> [TASK TO COMPLETE]
An exact copy of the lines, starting at the top of the listing and ending with the line that has "Beautifully remodeled 5", is the required answer. Pictures are not part of it.

> [SUPPLIED DATA]
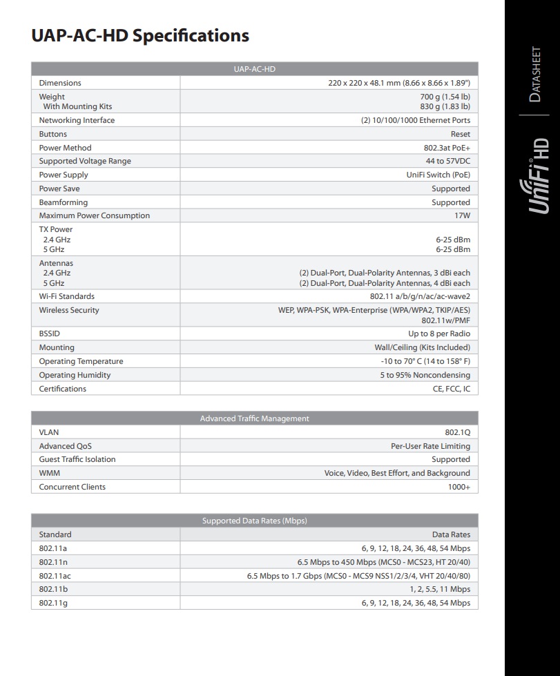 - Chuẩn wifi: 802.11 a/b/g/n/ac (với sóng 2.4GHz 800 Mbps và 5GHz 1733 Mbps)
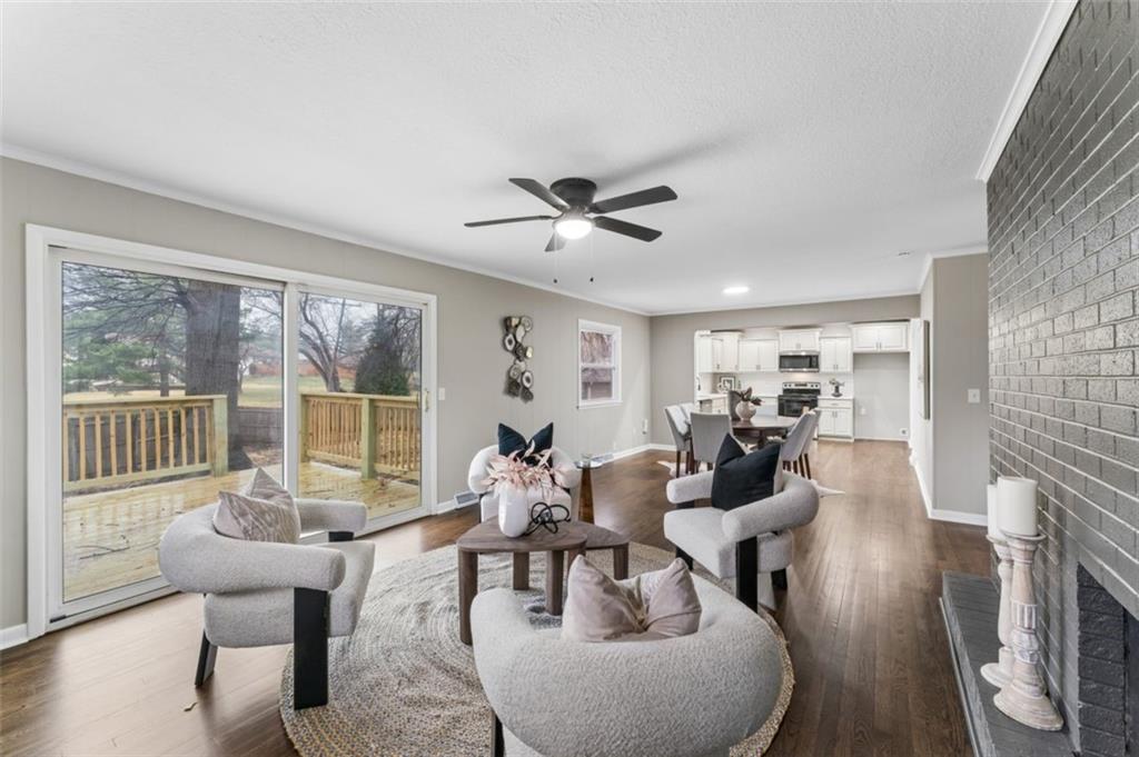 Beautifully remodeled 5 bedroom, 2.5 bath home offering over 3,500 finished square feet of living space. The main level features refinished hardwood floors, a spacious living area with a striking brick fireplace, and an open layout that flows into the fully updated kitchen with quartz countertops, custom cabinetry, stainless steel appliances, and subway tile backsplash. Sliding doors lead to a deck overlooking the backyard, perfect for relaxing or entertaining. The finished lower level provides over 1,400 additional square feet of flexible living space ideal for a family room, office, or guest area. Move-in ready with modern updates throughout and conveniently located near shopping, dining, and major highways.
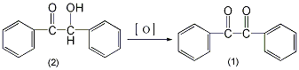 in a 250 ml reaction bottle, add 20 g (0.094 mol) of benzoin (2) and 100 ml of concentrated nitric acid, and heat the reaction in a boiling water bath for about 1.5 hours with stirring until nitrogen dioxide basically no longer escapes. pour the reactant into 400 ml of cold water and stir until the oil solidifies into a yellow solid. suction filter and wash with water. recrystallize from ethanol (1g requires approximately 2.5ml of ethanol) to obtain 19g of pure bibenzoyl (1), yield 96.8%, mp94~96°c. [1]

> [TASK SOLUTION]
 - Chuẩn wifi: 802.11 a/b/g/n/ac (với sóng 2.4GHz 800 Mbps và 5GHz 1733 Mbps)
 Beautifully remodeled 5 bedroom, 2.5 bath home offering over 3,500 finished square feet of living space. The main level features refinished hardwood floors, a spacious living area with a striking brick fireplace, and an open layout that flows into the fully updated kitchen with quartz countertops, custom cabinetry, stainless steel appliances, and subway tile backsplash. Sliding doors lead to a deck overlooking the backyard, perfect for relaxing or entertaining. The finished lower level provides over 1,400 additional square feet of flexible living space ideal for a family room, office, or guest area. Move-in ready with modern updates throughout and conveniently located near shopping, dining, and major highways.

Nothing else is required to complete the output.